Metric What it looks like
Scale ~146K LOC across TypeScript, Python, and Go
Core backend services/resume (FastAPI + async SQLAlchemy + Playwright rendering)
Deterministic code facts services/portfolio (Go + tree-sitter + GitHub API)
Shipped frontend React + Vike (apps/react-web)
Pipeline model Four phases under services/resume/alchemizeresume/generation/phases/

Measured numbers (2026-01-16)

  • Python requirement (resume service package): >= 3.13,< 3.14 (pyproject.toml).
  • cloc (shipped scope: services/, apps/react-web/, packages/, tests/): 94,502 LOC across 702 files.
  • cloc (full repo, excluding .git,node_modules,dist,build,.venv): 146,376 LOC across 1,169 files (includes archived apps/web/).
  • Services: 2 (services/resume, services/portfolio).
  • Resume templates: 16 total template files, 9 CSS variants (services/resume/alchemizeresume/templates/).
  • Python test files: 101 (tests/**/*.py); frontend test files: 15 (apps/react-web/tests/).

Problem

Tailoring a resume per job posting is a pile of repeated work: copy/paste keywords, re-order bullets, keep the story consistent, and avoid accidentally changing factual claims.

Most “AI resume tools” try to solve this with one giant prompt. That fails in predictable ways:

  • You can’t tell why a bullet exists or where it came from.
  • You can’t retry a single step without rerunning the whole thing.
  • You can’t track regression or cost without durable intermediate artifacts.

Constraints

  • Inspectable: every phase produces an artifact you can view, diff, and replay.
  • Deterministic where possible: caching keyed by content + config, not “vibes”.
  • Fast feedback: stream progress so the UI stays responsive during slow model calls.
  • Evidence-based project bullets: derive some content from code, not memory.

Solution (what shipped)

AlchemizeCV is intentionally split into deterministic and generative parts:

  • The resume service (services/resume) owns the four-phase pipeline, persistence, and PDF rendering.
  • The portfolio service (services/portfolio) produces deterministic “code facts” (AST-derived project signals) that the pipeline can safely reference.

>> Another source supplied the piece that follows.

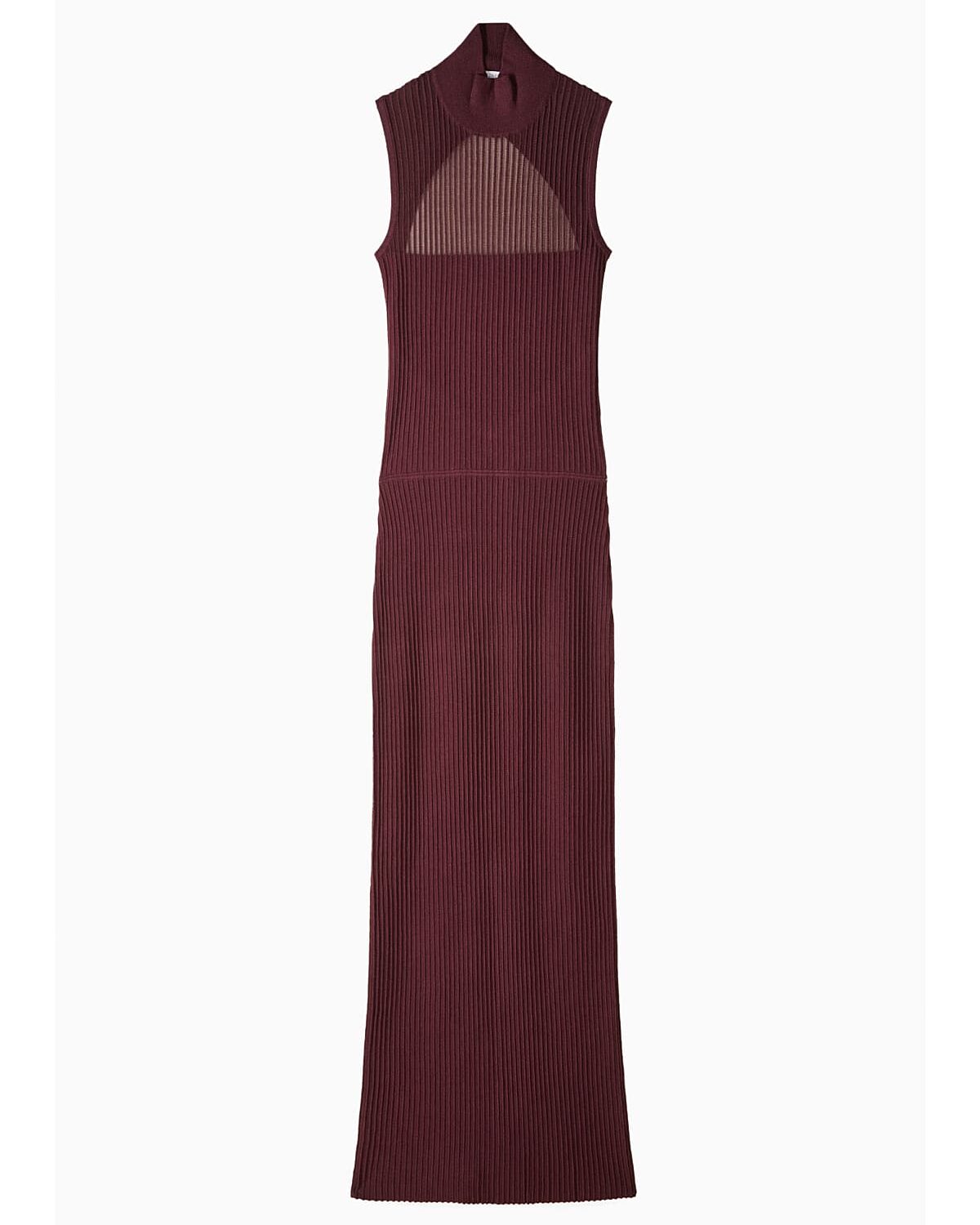 Vestido transparente Mezcla de nailon y viscosa de calibre 16 Prenda de punto Corte ajustado Largo hasta el tobillo Sin mangas Cuello alto Punto acanalado con detalles transparentes

The generation pipeline lives in services/resume/alchemizeresume/generation/ and is implemented as four phases:

  1. Raw (phases/raw.py)
  2. Synthesis (phases/synthesis.py)
  3. Pruning (phases/pruner.py)
  4. Bundle/assembly (phases/bundler.py)

Artifacts are stored so failures are debuggable and runs are replayable without redoing everything.

Architecture

flowchart TB
  Browser[Browser] -->|HTTPS| Caddy["Caddy<br/>TLS + routing"]
 
  Caddy --> FE["Frontend<br/>React + Vike"]
  Caddy --> RESUME["Resume Service<br/>FastAPI (async)"]
  Caddy --> PORT["Portfolio Service<br/>Go + tree-sitter"]
  Browser --> EXT["Chrome extension (MV3)"]
 
  RESUME --> DB[(PostgreSQL)]
  RESUME --> OR["OpenRouter (LLM gateway)"]
  PORT --> GH["GitHub API"]
  PORT --> OR
 
  FE <-->|WebSocket| RESUME
  EXT -->|Import jobs / automation loops| RESUME
flowchart LR
  JD["Job description"] --> P1["Raw: structure + candidates"]
  P1 --> P2["Synthesis: summary + skills"]
  P2 --> P3["Prune: enforce counts, remove redundancy"]
  P3 --> P4["Bundle: final markdown document"]
  P4 --> PDF["Render PDF (Playwright templates)"]

Evidence (placeholders)

  • Screenshot (TODO): case-studies/alchemizecv/pipeline-progress.png
    • Capture: an in-progress generation run showing phase transitions (Raw → Synthesis → Prune → Bundle) and live progress.
    • Alt text: “Resume generation pipeline showing phase transitions and live progress updates.”
    • Why it matters: supports the claim that the pipeline is phase-structured and observable.
  • Screenshot (TODO): case-studies/alchemizecv/artifacts-view.png
    • Capture: a view where you can see saved intermediate artifacts for a run (phase outputs).
    • Alt text: “Generation run artifacts listing per-phase outputs.”
    • Why it matters: supports the claim that phase artifacts persist for debugging and replay.
  • Screenshot (TODO): case-studies/alchemizecv/rendered-pdf.png
    • Capture: a rendered PDF preview (with sensitive info redacted) showing layout stability.
    • Alt text: “Rendered resume PDF preview with consistent layout.”
    • Why it matters: supports the claim that PDF rendering is a first-class subsystem, not an afterthought.
  • Screenshot (TODO): case-studies/alchemizecv/github-import.png
    • Capture: the “import project from GitHub” flow (or the resulting project summary) that uses code-derived facts.
    • Alt text: “GitHub project import flow producing project data derived from code.”
    • Why it matters: supports the claim that project bullets can be backed by code-derived artifacts.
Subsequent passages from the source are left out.